Задаче внутреннего единства, благодаря которой политическое стихотворение легко становится любовно-философским, служит также лексический контекст, окружающий слова «высокого стиля». Характерный пример – знаменитая «Свобода», собравшая, так сказать, под свое знамя многочисленные прозаические приметы «привычного обличил вещей» – здесь школьные тетради, прочтенные страницы, будничный хлеб, тенистое солнце пруда, зажженная лампа, неуклюжая лапа собаки...

Происходит не снижение «высокого» слова, а его своеобразное «одомашнивание»: в нем вместо холодно-торжественного акцентируется нечто ласковое, теплое, сопряженное с незатейливой человеческой радостью. Согласно этому закону, воспоминание о Конгрессе ФКП начинается строкой: «конгресс – любознательно-невинное, простое слово, если он – это множество живых лиц», а выражение «во имя» соотносится у Элюара не с понятиями своего ряда (во имя счастья, во имя свободы, во имя будущего), а совсем неожиданно со «смехом», «фруктами» и т. д.

Во имя смеха на улице Во имя неясности наших рук Во имя фруктов после цветов На этой доброй красивой земле.

Подобное отношение к «громким» словам для творчества Элюара – закон. Так, например, «justice» (справедливость) редко употребляется им в прямом значении, гораздо чаще в разговорно-идиоматическом: faire la justice de – одерживать верх, учинить расправу:

Des saluts font justice de la dignité Des bottes font justice do nos promenades Des imbéciles font justice de nos rêves Des goujats font justice de la liberté Des privations ont fait justice des enfants О mon frère on a fait justice de ton frère Du plomb a fait justice du plus beau visage.

La haine a fait justice de nos souffrances Et nos forces nous sont rendues Nous ferons justice du mal.

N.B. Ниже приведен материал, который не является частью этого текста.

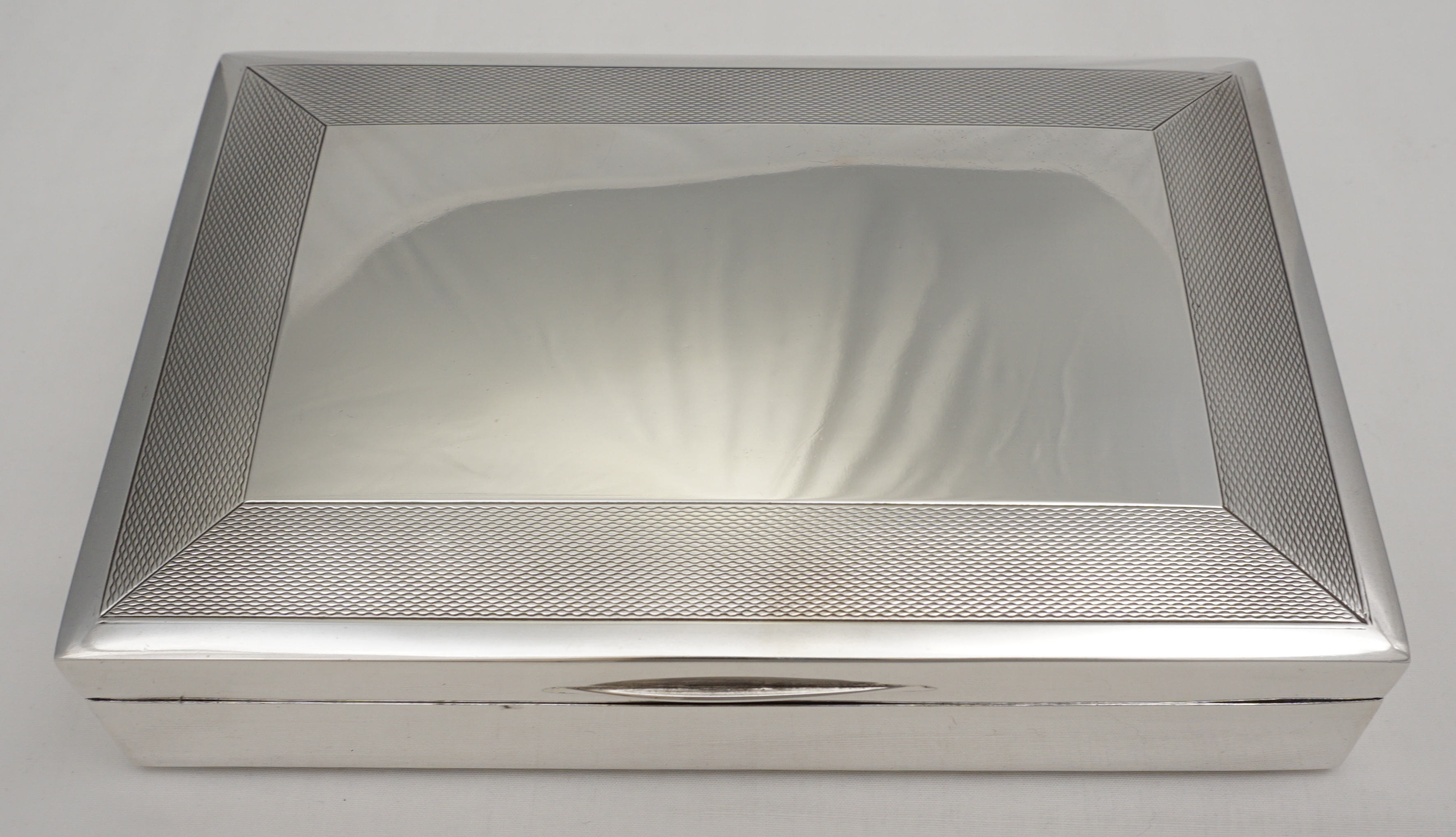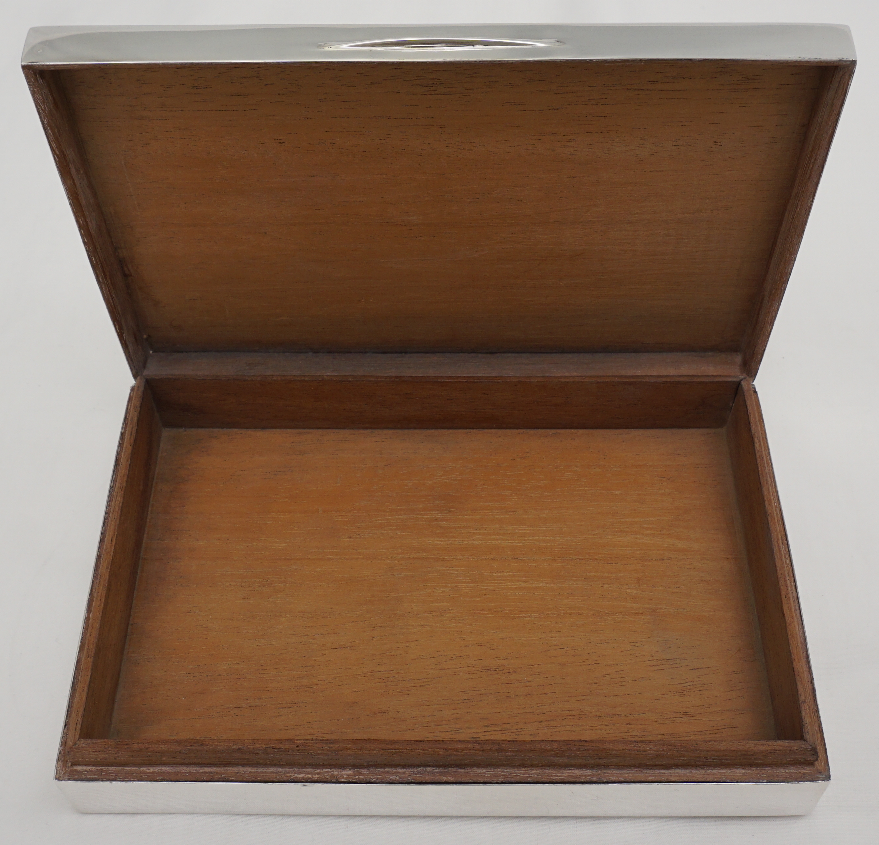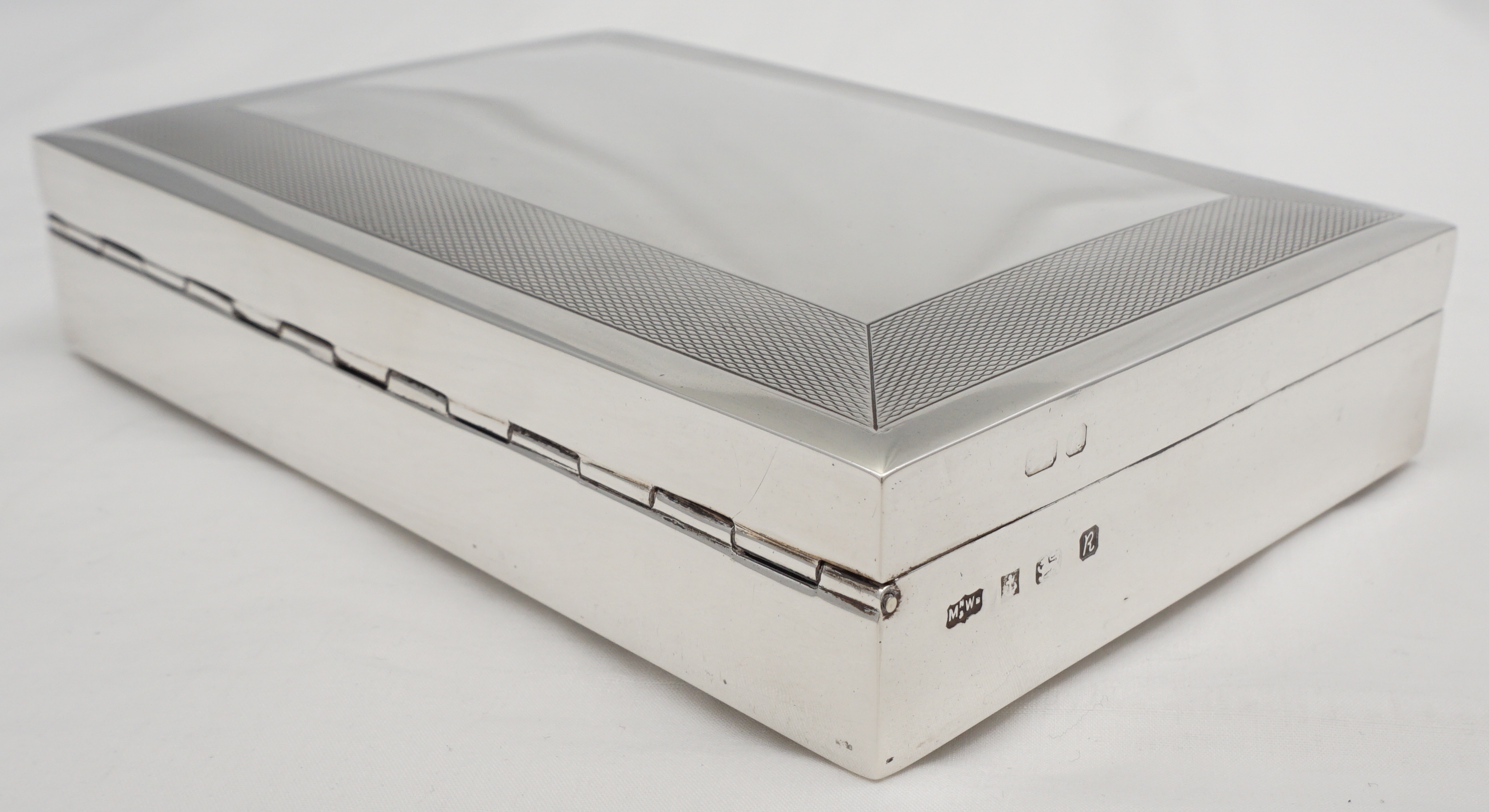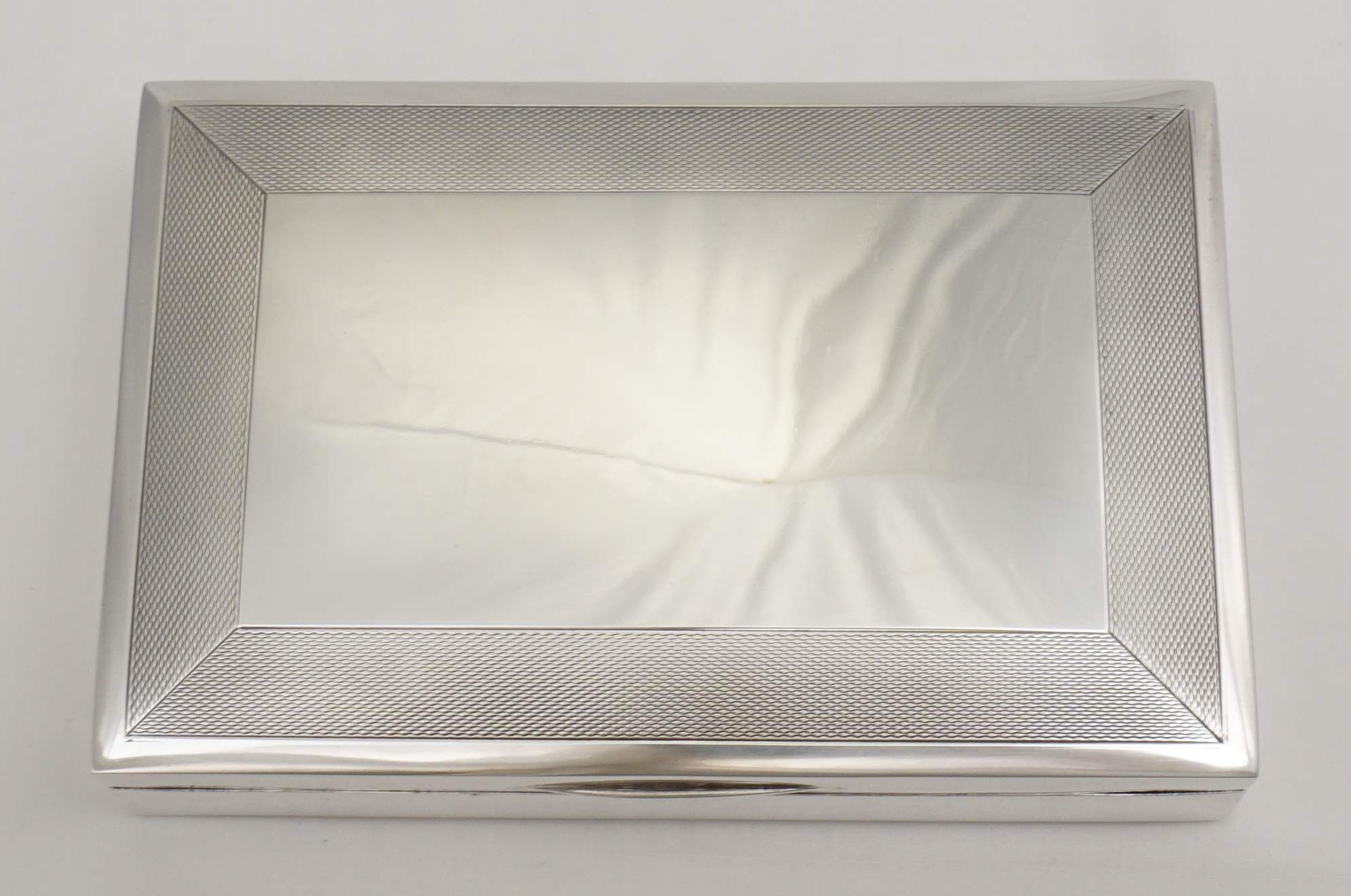 DESCRIPTION | Very good English sterling silver box with engine turned engraved decoration and cedar wood interior. Originally intended for cigarettes but now more likely used for jewellery or herbs. |

Вопли Хайль учиняют расправу над достоинством нашим Сапоги учиняют расправу над улицей наших прогулок Дураки учиняют расправу над нашей мечтою Подлецы учиняют расправу над нашей свободой Над детьми учиняет расправу голод Смотри же мой брат как над братом твоим учиняют расправу Смотри как свинец учиняет расправу над самым прекрасным лицом Как ненависть учиняет расправу над нашим страданием

И к нам возвращаются силы Мы расправу над злом учиним.
«Дебет и кредит врага». Перевод М. Ваксмахера

Симптоматично, что итоговая мысль этого стихотворения – именно торжество Справедливости, подлинной Справедливости, но в таком значении слово в тексте ни разу не появляется. Избегает Элюар прямого значения «justice» и в других своих произведениях: если собрать все строки, имеющие данное слово, можно удивиться, как часто встречается выражение «faire justice de» и как редки случаи с «justice» непосредственно. Среди таких редких случаев название «Добрая справедливость» и стихотворение «Габриэль Пери», где слово «justice» сразу поставлено – привычно для Элюра – в один ряд с «бесхитростными» (innocents) словами, воскрешающими тепло ежедневной радости: имена детей, имена любимых, названия цветов и плодов дают не меньшую «силу жить», чем «справедливость», «свобода», «дружба». В этом контексте даже наиболее «политические» из поставленных друг за другом слов повернуты к читателю как бы своими особыми гранями: в них больше спокойной уверенности, чем активной напряженности.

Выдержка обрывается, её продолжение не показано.